> WHAT THE EXERCISE ASKS: The lines below, from the one containing "近日,市总工会发布《关于表扬" through the one containing "(CIP-head, CO2 in)", should be set down exactly, with no pictures and nothing else.

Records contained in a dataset
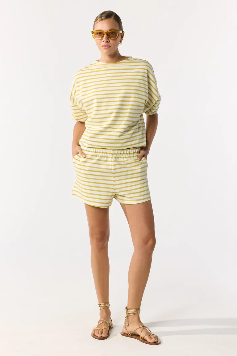 Short con diseño de rayas, confeccionado con cintura elastizada para un ajuste cómodo. Cuenta con prácticos bolsillos laterales y detalles de tajos en el ruedo. Una prenda versátil ideal para crear conjuntos relajados y frescos durante la temporada de verano.
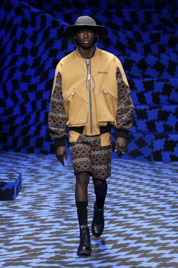 Distorsione è la parola d’ordine per l’a/i 20/21. Fiori deformati – creati da Mirko Borsche – motivi folk, motivi pied-de-poule allover liquefatti creano effetti psichedelici su bomber, maglioni jacquard, camicie, anorak imbottiti, felpe e short. Anche il modo in cui tasche e i dettagli vengono applicati sui pezzi è distorto, mentre cuciture a contrasto creano un altro livello di distorsione. I piumini riflettenti, le giacche monopetto e i bomber ricoperti di cristalli Swarovski sono pensati per sfolgorare e abbagliare. La palette dei colori è una fusione di pietra, marrone, muschio, sesamo, nero illuminati da un blu abbagliante e stampe colorate.
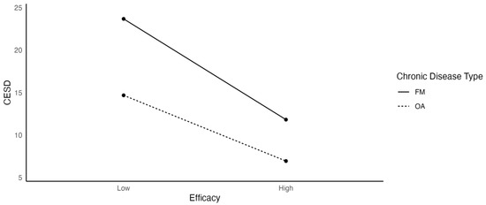 Figure 4 shows that self-efficacy was negatively associated with depression, and the negative relationship was stronger for FM (β = −0.311) than for OA patients (β = −0.203). Higher perceived self-efficacy was associated with lower depression scores especially for participants with FM.
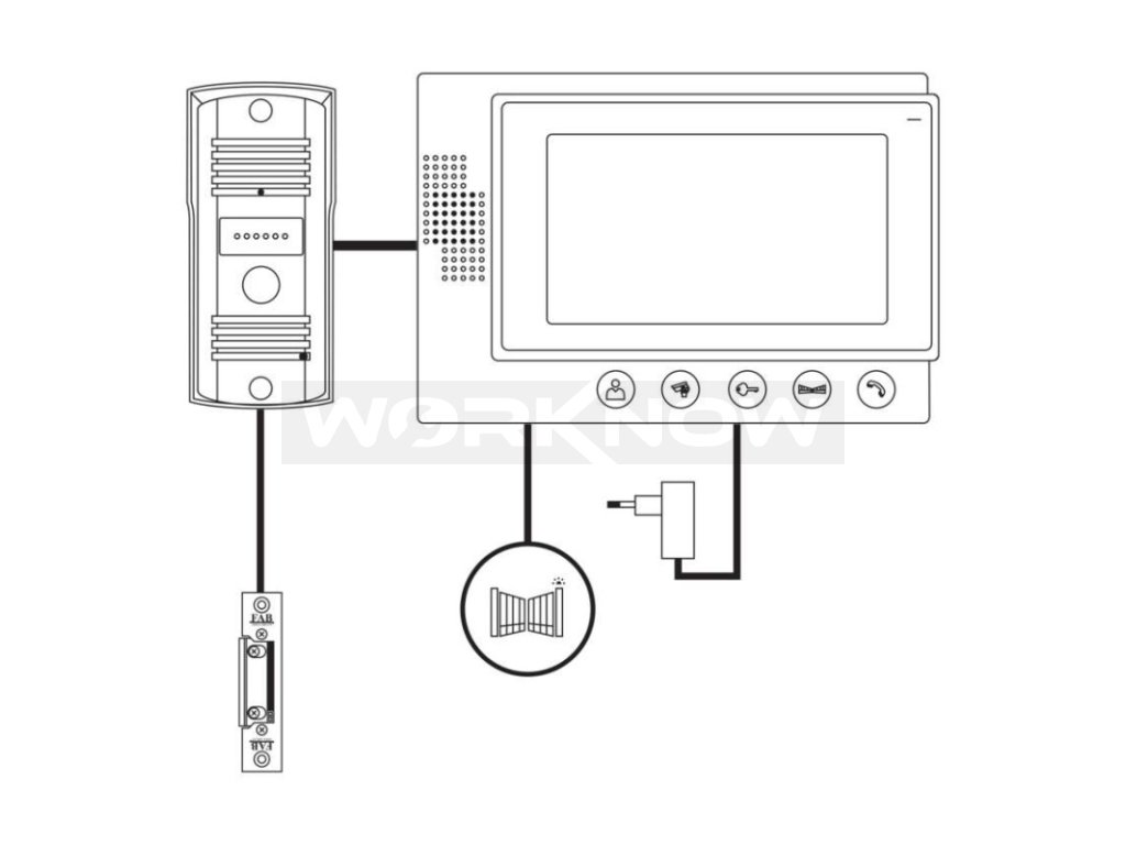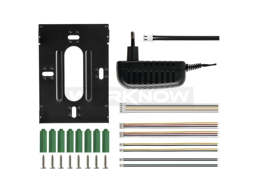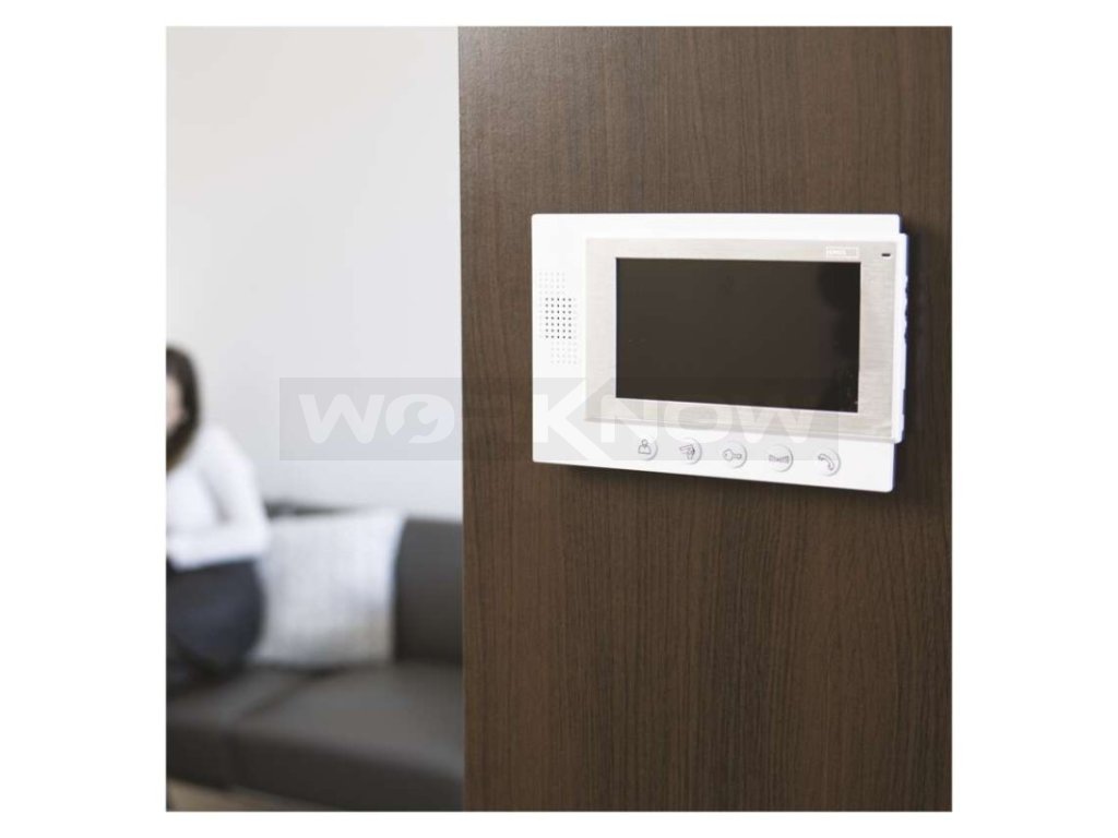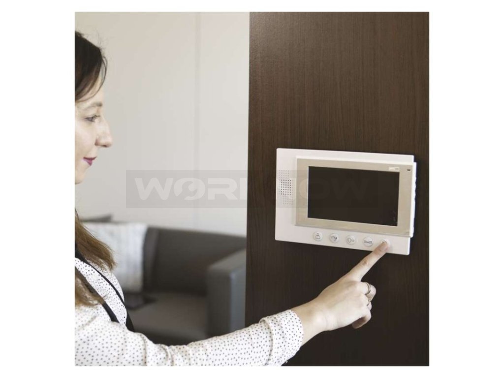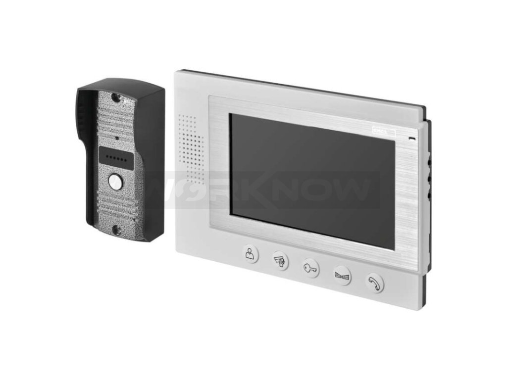 Jednoduchá sada videovrátného. Obraz je zobrazován na velký 7" barevný LCD. Přístroj je napájen pomocí přiloženého adaptéru na 12 V. Zařízení umožňuje obsluhu dveřního zámku a pojezdu brány.
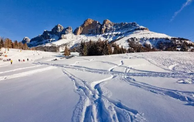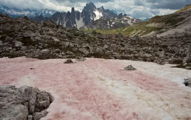 照片展示了意大利多洛米蒂山的红雪。有趣的是,雪衣藻细胞在显微镜下呈现绿色。它们在雪中显示粉红色是由一种叫β-胡萝卜素的生物化学物质造成的。这种成分保护雪衣藻的叶绿素免遭太阳光线的伤害。但在这个过程中,它使雪衣藻呈现红色或粉红色,而不是绿色。
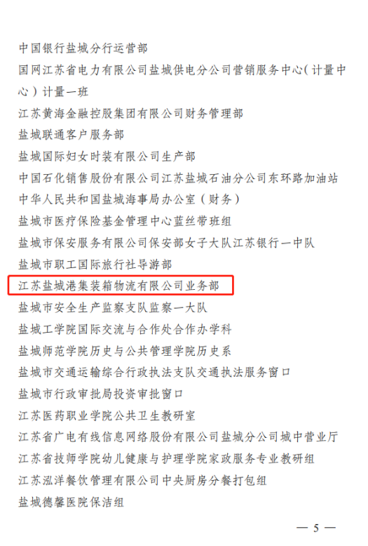 近日,市总工会发布《关于表扬盐城市女职工先进集体和先进个人的决定》,袁欣同志、江苏盐城港集装箱物流有限公司业务部,分别获得“盐城市五一巾帼标兵”“盐城市五一巾帼标兵岗”荣誉称号。
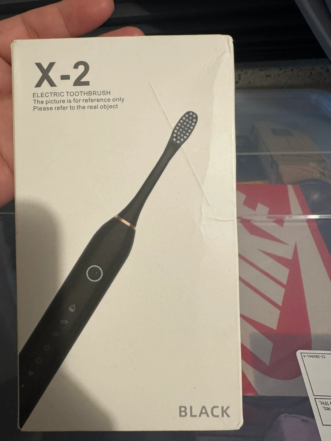 Selling a brand new X-2 electric toothbrush in black! It comes with the original box and includes multiple brush heads and a charger. Perfect for maintaining your dental hygiene with ease!
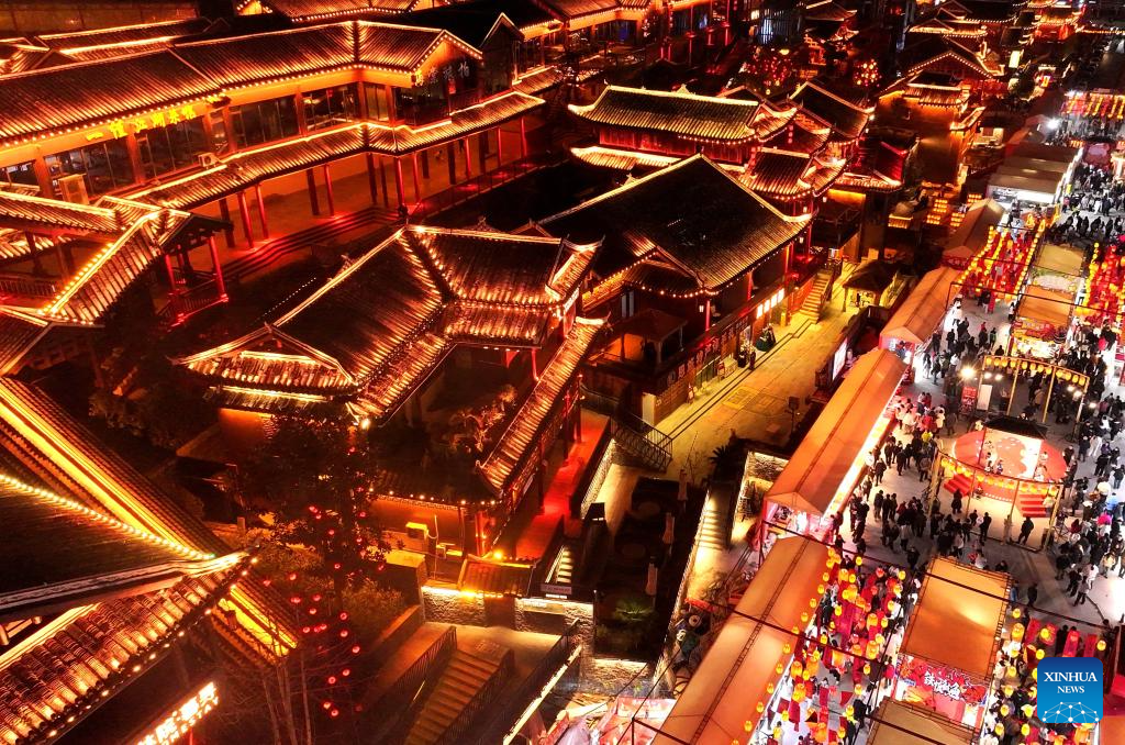 BEIJING, 19 febrero, 2026 (Xinhua) -- Vista aérea tomada con un dron el 17 de febrero de 2026 de turistas paseando por una calle de bocadillos en el distrito de Xuan'en, en la provincia de Hubei, en el centro de China. Durante la Fiesta de la Primavera, las decoraciones de linternas a través del país crearon un alegre ambiente para la celebración. (Xinhua/Song Wen)
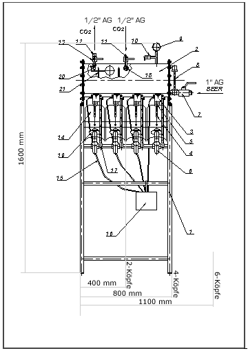 11.½” Kugelventile (CIP-Kopf, CO2-in) / 1/2" ball valves (CIP-head, CO2 in)
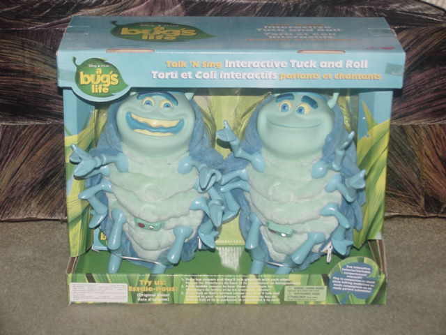 Hello everyone, Now at bottom of each of our item page is our word rating plush chart. Please check it out and read full item description before using the buy it now price. Ok here's adorable very rare large pair of Interactive Tuck and Roll Plush Toys From Pixar/Disney "A Bug's Life", which both work perfect, comes with batteries, and are mint use condition with box. Have never been taken out of box since purchase. Both talk, sing and shake vibrating sounds. Each has blue and green body's with side zipper battery departments, hard rubber blue hands and feet, rubber green top antenna's and each measure around 12 inches long inside of box. Both have their tush body tags which reads, Thinkway Toys. Box measures 14 1/4 inches wide and 12 inches tall By Thinkway Toys. Please see picture. Winner bidder pays by Zone and Zip Code for parcel select ground large box shipping (up to 7 lbs weigh almost 5 lbs without putting them inside mailing box) with handling of (1.50 h-fee), plus required (.85) delivery confirmation US only. Sorry we do Not Ship to Canada or Internationally. Please only bid if you have a united states street address to ship to. Sorry but Immediate Paypal payment is required when using Buy It Now, E-Checks from Paypal are held 3-5 business days until it clears before item is ship. Since we are limited on our picture space, pic will be deleted after the end of auction, so if you would like to see pic after the auction, please print out picture before the auction ends. We due not do accept returns, so Please read full item description, all sales are final and are sold as worded in item description, as this is an sale. All items are offer as is condition. We ship only once or twice a week. Please take a moment and check out our other great Disney plush and character toys which are listed sale this week. New Rating Plush Chart. NEW: Comes from a factory or department store and has not played with. MINT Or LIKE-NEW: Looks new but might still been played with but shows no wear on the Plush itself but still might have a flaw (like a odor, etc., and might not been wash even though we strive very hard to make all our plush smell free but can not guaranteed them) EX. COND: Some minor play wear and might have some minor flaws which would be in the item description. VERY GOOD: Has been played with and has flaws. GOOD: Has been played with a lot. POOR: We try not to sell any real poor condition toys. Thank-You and Have A Fantastic Week
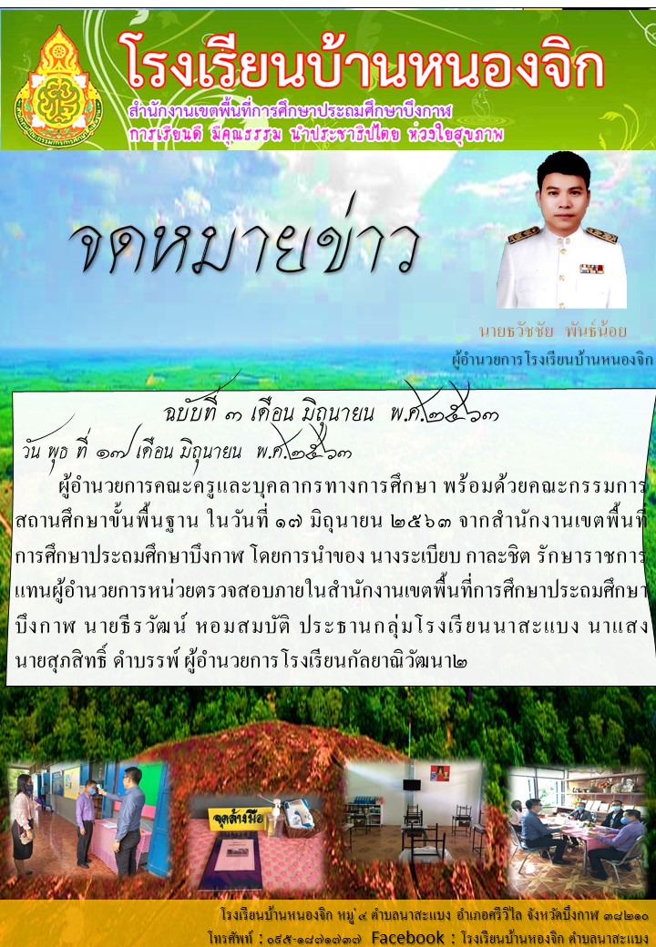 (เผยแพร่เมื่อวันที่ 19 มิย 2563 16:30:20 น.) ผู้รายงาน : ธุรการโรงเรียน บ้านหนองจิก
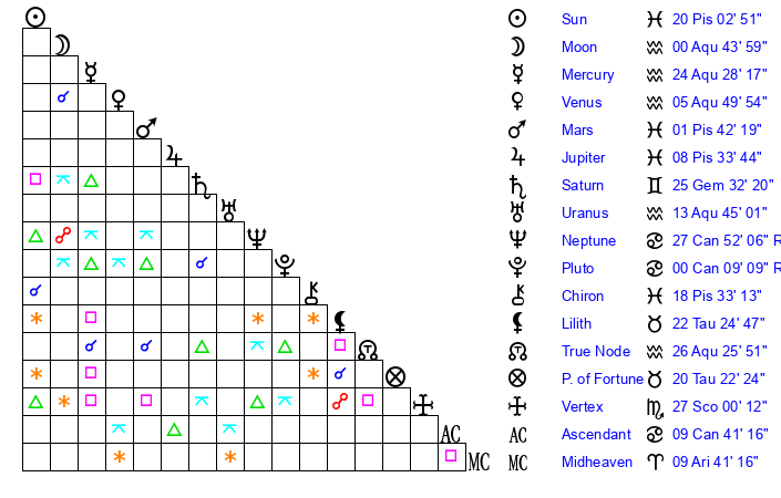 | Moon | 0 Aquarius 43 | 22 Leo 9 | 11 Aquarius 21 |
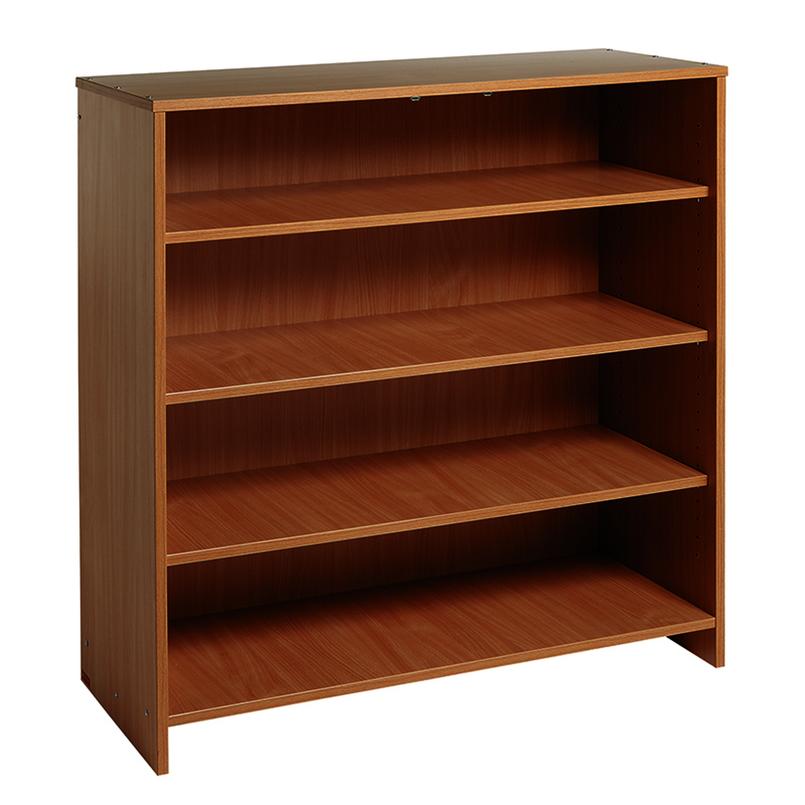 4 étagères dont 3 réglables tous les 32 mm, fixées sur taquets à visser.4 étagères dont 3 réglables tous les 32 mm, fixées sur taquets à visser.• En mélaminé teinte hêtre.

> YOUR SOLUTION:
 近日,市总工会发布《关于表扬盐城市女职工先进集体和先进个人的决定》,袁欣同志、江苏盐城港集装箱物流有限公司业务部,分别获得“盐城市五一巾帼标兵”“盐城市五一巾帼标兵岗”荣誉称号。
 Selling a brand new X-2 electric toothbrush in black! It comes with the original box and includes multiple brush heads and a charger. Perfect for maintaining your dental hygiene with ease!
 BEIJING, 19 febrero, 2026 (Xinhua) -- Vista aérea tomada con un dron el 17 de febrero de 2026 de turistas paseando por una calle de bocadillos en el distrito de Xuan'en, en la provincia de Hubei, en el centro de China. Durante la Fiesta de la Primavera, las decoraciones de linternas a través del país crearon un alegre ambiente para la celebración. (Xinhua/Song Wen)
 11.½” Kugelventile (CIP-Kopf, CO2-in) / 1/2" ball valves (CIP-head, CO2 in)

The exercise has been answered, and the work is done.